-- Given data follows --

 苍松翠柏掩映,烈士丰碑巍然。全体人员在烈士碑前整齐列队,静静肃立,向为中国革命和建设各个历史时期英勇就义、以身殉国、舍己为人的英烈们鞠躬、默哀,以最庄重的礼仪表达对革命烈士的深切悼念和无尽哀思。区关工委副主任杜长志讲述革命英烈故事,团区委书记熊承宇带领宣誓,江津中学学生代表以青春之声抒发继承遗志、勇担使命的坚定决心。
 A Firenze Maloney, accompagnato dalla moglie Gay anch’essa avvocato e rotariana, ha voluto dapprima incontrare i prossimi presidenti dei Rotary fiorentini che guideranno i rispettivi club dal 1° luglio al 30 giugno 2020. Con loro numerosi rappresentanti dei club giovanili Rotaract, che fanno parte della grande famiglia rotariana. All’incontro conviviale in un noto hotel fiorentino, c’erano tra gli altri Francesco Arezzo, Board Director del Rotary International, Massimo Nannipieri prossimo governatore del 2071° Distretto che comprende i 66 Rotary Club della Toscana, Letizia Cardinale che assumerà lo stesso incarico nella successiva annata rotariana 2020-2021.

-- Given data concluded --
-- Given data follows --

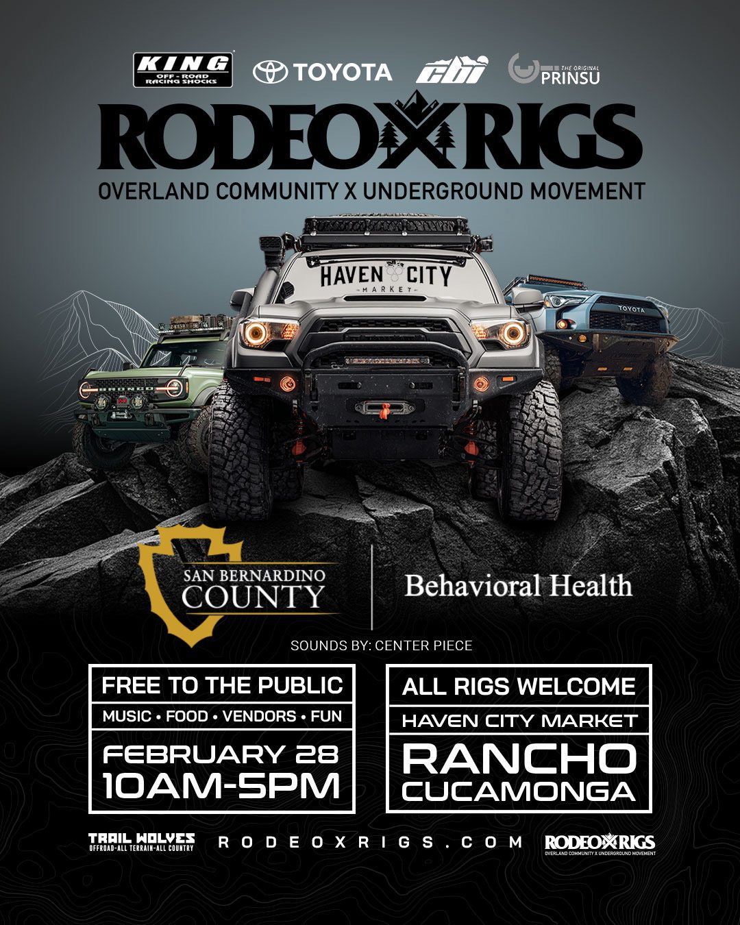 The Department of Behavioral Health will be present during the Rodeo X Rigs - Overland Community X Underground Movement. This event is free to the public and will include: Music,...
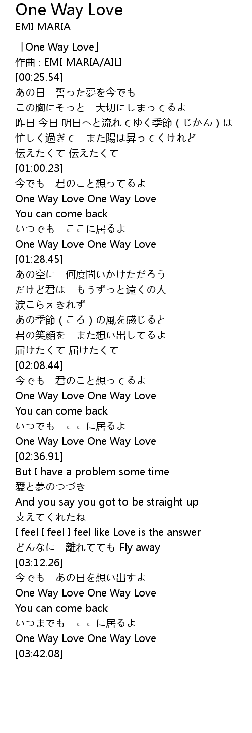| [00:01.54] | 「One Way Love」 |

-- Given data concluded --

Directions for this task: Lines wanted from the listing above: the line with "苍松翠柏掩映,烈士丰碑巍然。" up to and including the line with "A Firenze Maloney, accompagnato". Please write them out exactly, adding nothing else.

Your solution:
 苍松翠柏掩映,烈士丰碑巍然。全体人员在烈士碑前整齐列队,静静肃立,向为中国革命和建设各个历史时期英勇就义、以身殉国、舍己为人的英烈们鞠躬、默哀,以最庄重的礼仪表达对革命烈士的深切悼念和无尽哀思。区关工委副主任杜长志讲述革命英烈故事,团区委书记熊承宇带领宣誓,江津中学学生代表以青春之声抒发继承遗志、勇担使命的坚定决心。
 A Firenze Maloney, accompagnato dalla moglie Gay anch’essa avvocato e rotariana, ha voluto dapprima incontrare i prossimi presidenti dei Rotary fiorentini che guideranno i rispettivi club dal 1° luglio al 30 giugno 2020. Con loro numerosi rappresentanti dei club giovanili Rotaract, che fanno parte della grande famiglia rotariana. All’incontro conviviale in un noto hotel fiorentino, c’erano tra gli altri Francesco Arezzo, Board Director del Rotary International, Massimo Nannipieri prossimo governatore del 2071° Distretto che comprende i 66 Rotary Club della Toscana, Letizia Cardinale che assumerà lo stesso incarico nella successiva annata rotariana 2020-2021.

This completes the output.